─── Dataset extract ───

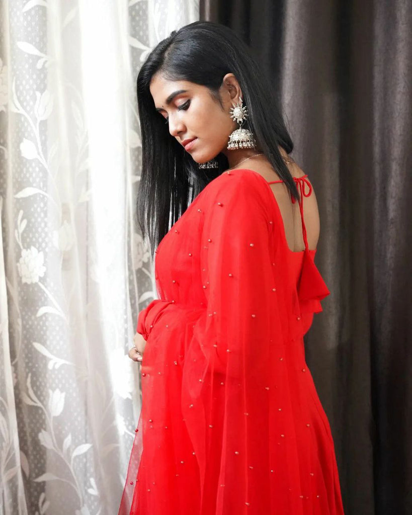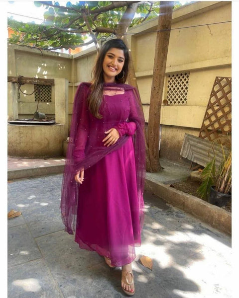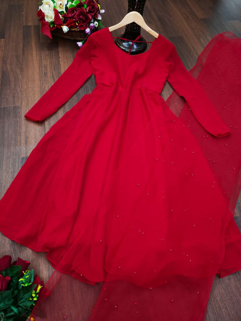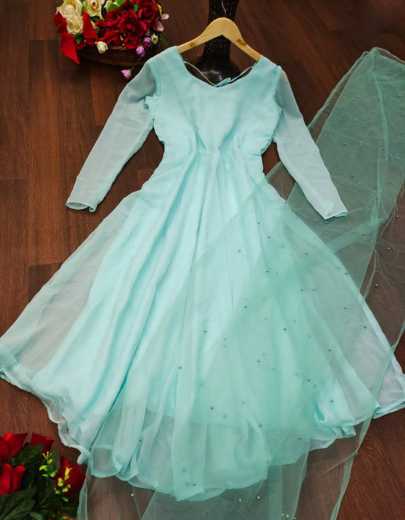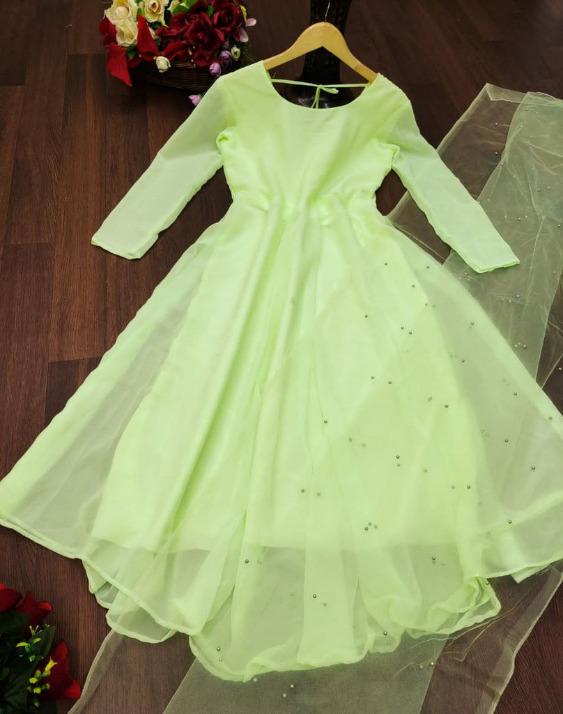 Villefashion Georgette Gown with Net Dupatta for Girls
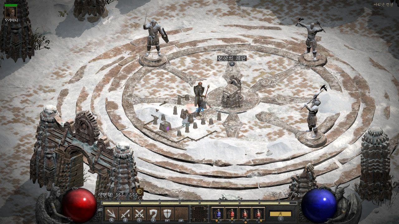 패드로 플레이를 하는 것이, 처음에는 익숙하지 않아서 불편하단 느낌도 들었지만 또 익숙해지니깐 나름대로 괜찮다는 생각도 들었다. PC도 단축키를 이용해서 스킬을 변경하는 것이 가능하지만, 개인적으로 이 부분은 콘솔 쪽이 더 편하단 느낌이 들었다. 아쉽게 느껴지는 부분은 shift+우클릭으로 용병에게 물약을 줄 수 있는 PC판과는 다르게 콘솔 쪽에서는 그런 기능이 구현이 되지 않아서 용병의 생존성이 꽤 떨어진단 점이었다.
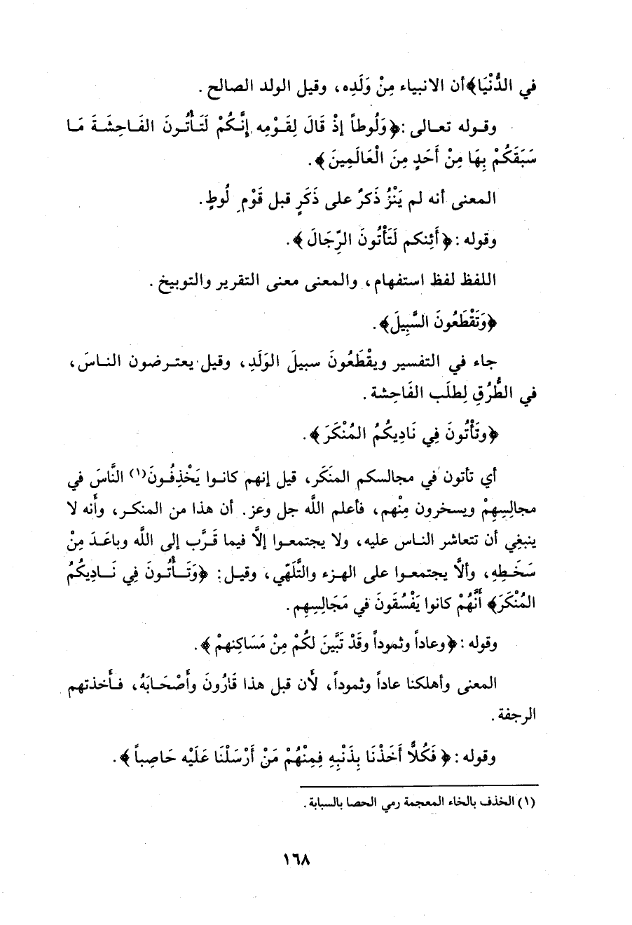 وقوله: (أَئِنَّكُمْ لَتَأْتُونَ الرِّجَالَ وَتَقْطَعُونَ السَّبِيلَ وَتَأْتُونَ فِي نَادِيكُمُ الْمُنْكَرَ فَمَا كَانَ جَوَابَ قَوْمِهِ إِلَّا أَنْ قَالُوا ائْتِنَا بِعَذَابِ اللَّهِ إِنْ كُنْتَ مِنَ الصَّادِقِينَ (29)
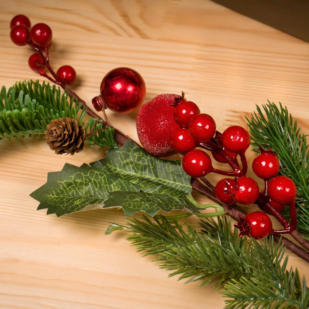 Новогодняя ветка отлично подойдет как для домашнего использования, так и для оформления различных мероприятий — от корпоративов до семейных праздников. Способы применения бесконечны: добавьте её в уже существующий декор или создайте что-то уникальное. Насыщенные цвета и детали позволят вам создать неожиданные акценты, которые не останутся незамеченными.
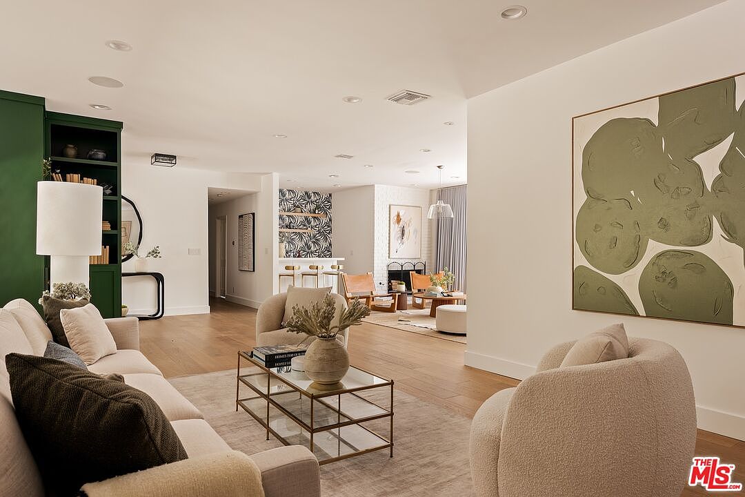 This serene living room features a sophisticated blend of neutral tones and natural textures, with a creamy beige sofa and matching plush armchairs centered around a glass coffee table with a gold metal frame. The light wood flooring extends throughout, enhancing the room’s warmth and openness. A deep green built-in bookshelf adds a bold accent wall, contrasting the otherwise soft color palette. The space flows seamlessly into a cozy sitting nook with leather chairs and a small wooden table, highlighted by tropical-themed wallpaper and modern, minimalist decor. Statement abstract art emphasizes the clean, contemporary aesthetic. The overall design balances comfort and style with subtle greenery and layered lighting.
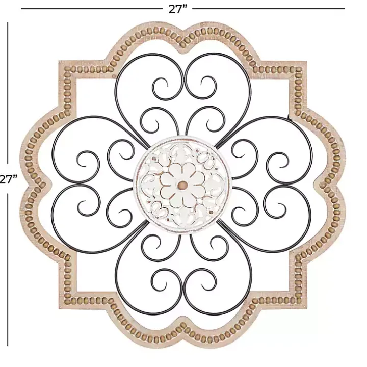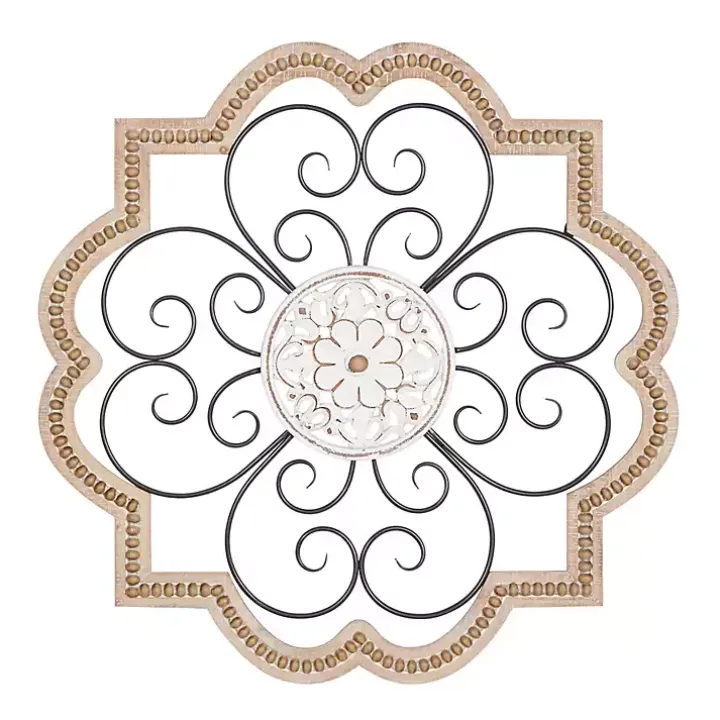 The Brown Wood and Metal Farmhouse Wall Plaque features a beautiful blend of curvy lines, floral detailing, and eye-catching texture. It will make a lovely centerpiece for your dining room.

───
─── Dataset extract ───

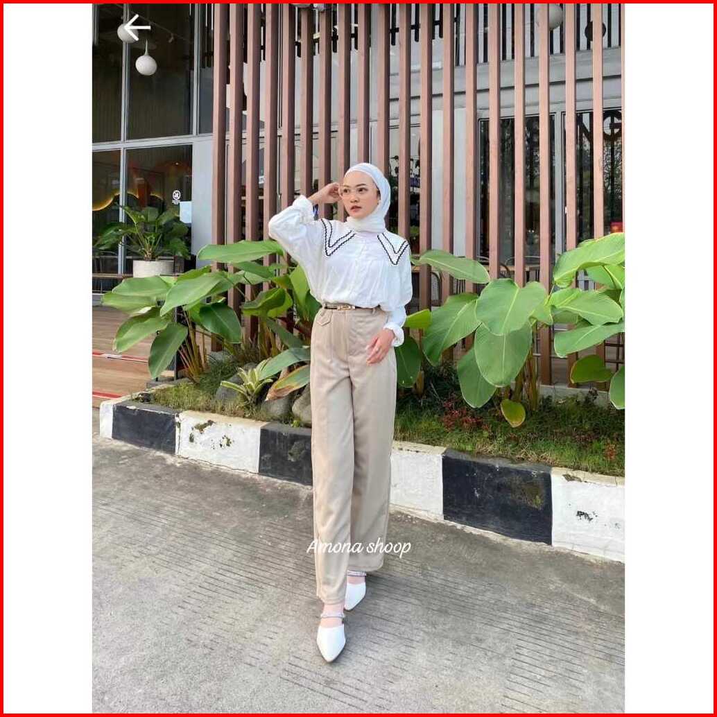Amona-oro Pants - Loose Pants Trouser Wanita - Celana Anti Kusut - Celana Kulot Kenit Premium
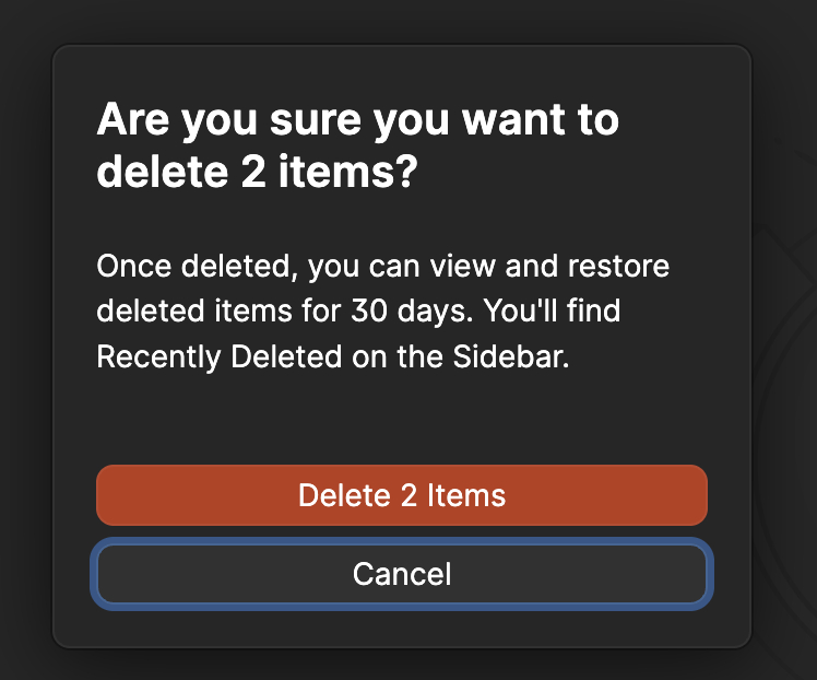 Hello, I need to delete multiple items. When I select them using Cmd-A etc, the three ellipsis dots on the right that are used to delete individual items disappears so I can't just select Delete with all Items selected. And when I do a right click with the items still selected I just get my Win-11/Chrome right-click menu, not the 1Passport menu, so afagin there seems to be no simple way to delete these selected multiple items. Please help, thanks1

───
─── Dataset extract ───

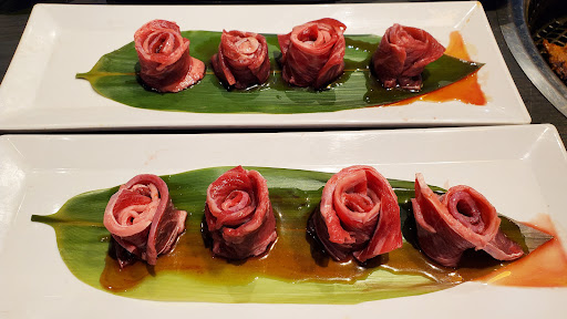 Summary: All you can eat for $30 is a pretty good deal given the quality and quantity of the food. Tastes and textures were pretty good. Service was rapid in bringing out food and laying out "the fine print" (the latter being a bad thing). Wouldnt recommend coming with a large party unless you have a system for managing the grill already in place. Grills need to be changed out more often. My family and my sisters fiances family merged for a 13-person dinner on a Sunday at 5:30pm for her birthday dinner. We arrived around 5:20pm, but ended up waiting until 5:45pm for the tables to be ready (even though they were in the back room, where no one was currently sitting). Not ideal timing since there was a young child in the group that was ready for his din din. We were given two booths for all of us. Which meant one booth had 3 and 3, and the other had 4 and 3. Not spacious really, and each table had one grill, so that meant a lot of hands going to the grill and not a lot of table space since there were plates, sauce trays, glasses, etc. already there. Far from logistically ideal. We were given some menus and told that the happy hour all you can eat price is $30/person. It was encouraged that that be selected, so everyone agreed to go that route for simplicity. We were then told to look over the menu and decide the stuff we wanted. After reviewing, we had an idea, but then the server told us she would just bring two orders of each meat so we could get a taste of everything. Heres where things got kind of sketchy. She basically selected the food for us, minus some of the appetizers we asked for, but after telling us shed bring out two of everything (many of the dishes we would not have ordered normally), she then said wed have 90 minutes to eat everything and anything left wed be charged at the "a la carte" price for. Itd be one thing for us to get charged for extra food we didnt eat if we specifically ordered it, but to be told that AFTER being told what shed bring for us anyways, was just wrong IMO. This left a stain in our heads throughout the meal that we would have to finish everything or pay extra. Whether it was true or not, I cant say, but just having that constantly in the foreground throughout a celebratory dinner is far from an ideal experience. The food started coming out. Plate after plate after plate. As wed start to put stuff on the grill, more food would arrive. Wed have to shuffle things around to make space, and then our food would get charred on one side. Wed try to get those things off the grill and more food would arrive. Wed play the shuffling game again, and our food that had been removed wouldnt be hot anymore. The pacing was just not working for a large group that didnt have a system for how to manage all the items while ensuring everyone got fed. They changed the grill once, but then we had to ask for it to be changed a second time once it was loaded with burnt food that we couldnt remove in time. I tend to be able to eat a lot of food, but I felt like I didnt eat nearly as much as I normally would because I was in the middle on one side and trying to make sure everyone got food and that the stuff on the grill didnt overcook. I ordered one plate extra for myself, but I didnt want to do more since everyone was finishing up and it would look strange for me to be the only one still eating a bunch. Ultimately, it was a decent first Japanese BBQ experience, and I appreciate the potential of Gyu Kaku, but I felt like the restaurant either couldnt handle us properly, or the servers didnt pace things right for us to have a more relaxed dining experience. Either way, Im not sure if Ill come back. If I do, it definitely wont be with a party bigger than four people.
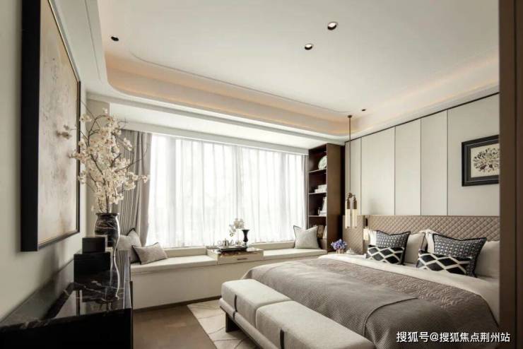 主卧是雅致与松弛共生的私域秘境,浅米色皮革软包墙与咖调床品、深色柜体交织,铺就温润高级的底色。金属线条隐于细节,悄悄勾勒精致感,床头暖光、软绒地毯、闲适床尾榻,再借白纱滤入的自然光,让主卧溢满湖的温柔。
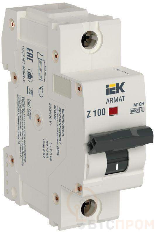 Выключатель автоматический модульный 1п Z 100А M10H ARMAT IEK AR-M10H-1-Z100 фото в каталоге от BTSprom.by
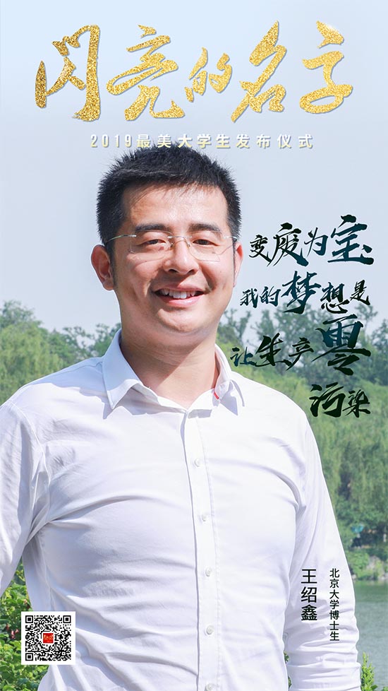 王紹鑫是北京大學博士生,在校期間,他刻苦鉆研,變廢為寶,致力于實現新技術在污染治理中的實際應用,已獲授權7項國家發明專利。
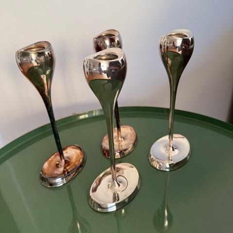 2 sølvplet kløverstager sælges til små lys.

───

■ **Directions for this task**: An exact copy is needed of the entries above, starting at the line that holds "وقوله: (أَئِنَّكُمْ لَتَأْتُونَ" and stopping at the line that holds "Новогодняя ветка отлично", both kept; pictures stay out.

■ **Output below**:
 وقوله: (أَئِنَّكُمْ لَتَأْتُونَ الرِّجَالَ وَتَقْطَعُونَ السَّبِيلَ وَتَأْتُونَ فِي نَادِيكُمُ الْمُنْكَرَ فَمَا كَانَ جَوَابَ قَوْمِهِ إِلَّا أَنْ قَالُوا ائْتِنَا بِعَذَابِ اللَّهِ إِنْ كُنْتَ مِنَ الصَّادِقِينَ (29)
 Новогодняя ветка отлично подойдет как для домашнего использования, так и для оформления различных мероприятий — от корпоративов до семейных праздников. Способы применения бесконечны: добавьте её в уже существующий декор или создайте что-то уникальное. Насыщенные цвета и детали позволят вам создать неожиданные акценты, которые не останутся незамеченными.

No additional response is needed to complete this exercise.